Canonical example of DbC shows how was found bug in HP chip. It happens because DbC declares properties of external component: of the chip, its state, transitions, etc. And if your application hits unexpected external world state, it report such case as exception. Magic here is that: 1) you define contracts in one place and don't repeat yourself 2) contracts can be easy turned-off (dropped out from compiled binary). They are more close to Aspects IMHO, due they are not "linear" like subroutines calls.
My recap here is that DbC are more helpful to avoid real world bugs than types systems, because most real bugs happen due to misunderstanding of behavior of external world/environment/frameworks/OS components/etc.

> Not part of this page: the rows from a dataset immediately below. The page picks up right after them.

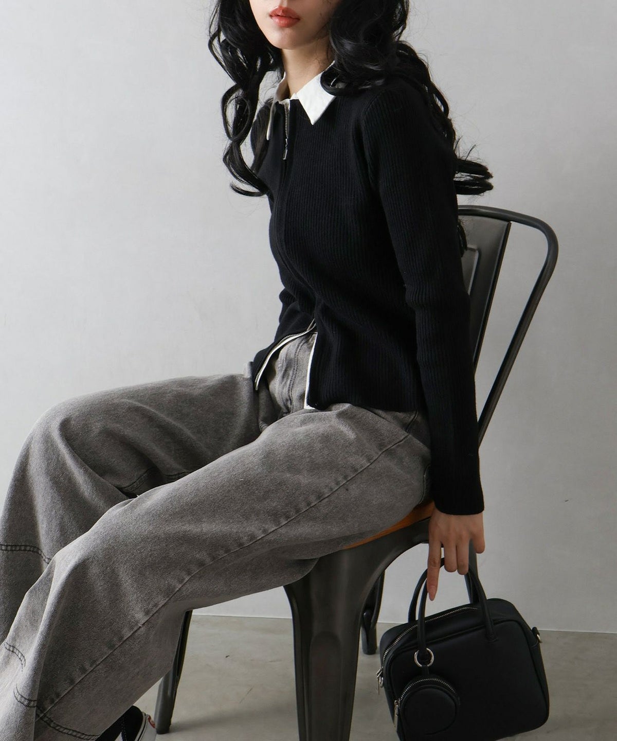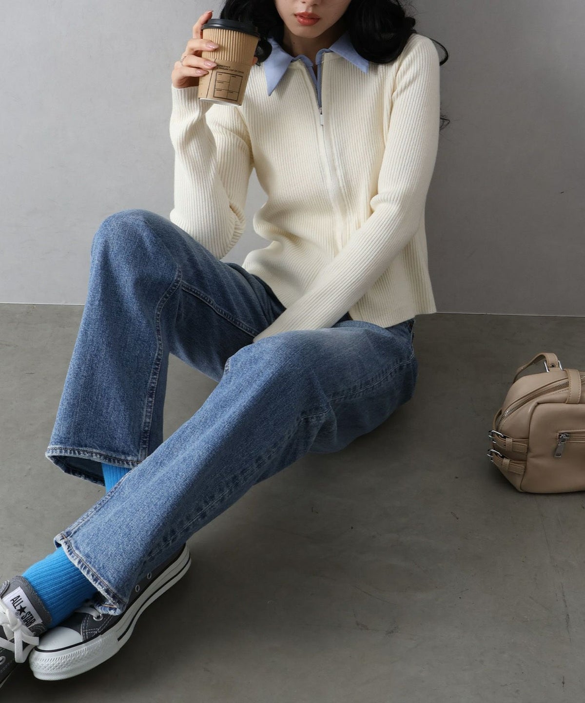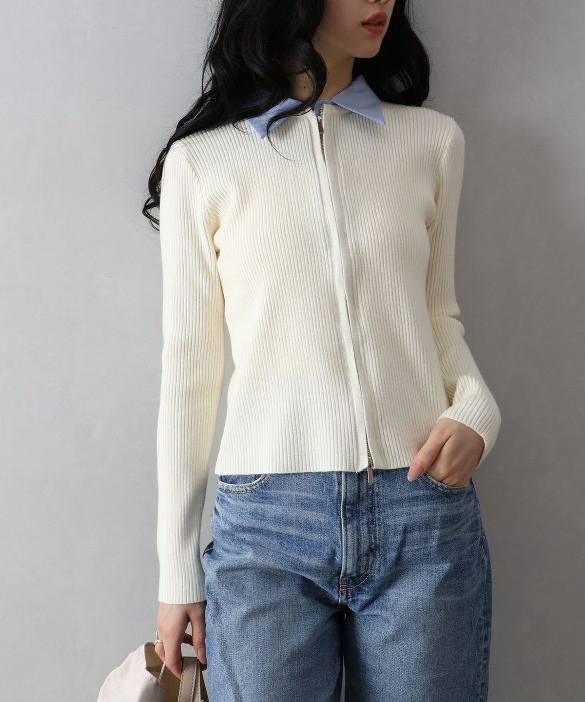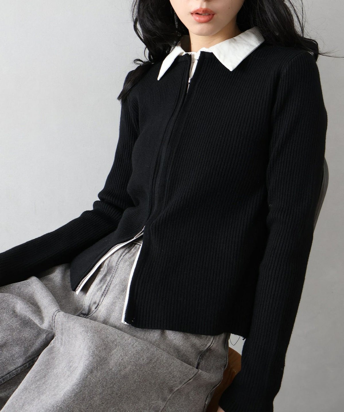 配色切替ジップカーディガン
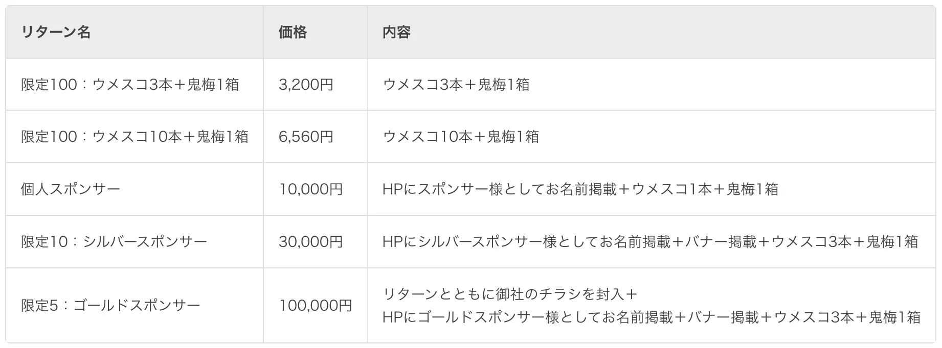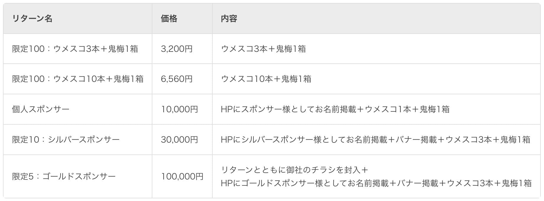 リターンとともに御社のチラシを封入+HPにゴールドスポンサー様としてお名前掲載+バナー掲載+ウメスコ3本+鬼梅1箱
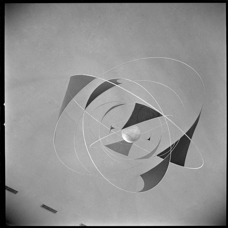 Bilden föreställer troligen ett konstverk med ringar, svärer som går i och ur varandra samt några fyllda trianglar. I centrum en kula.

Types and prove assistance help only to avoid your own simple errors which can be found with tests or modeling (in MatLab, Mathematica, etc, etc).
In short: you can not find bug in HP chip with types system. Sure, exists illusion that it's possible to something like indexed monads, but real code with such attempts will look super complex, unsupportable and not practical. But I think there are possible some hybrid schemes.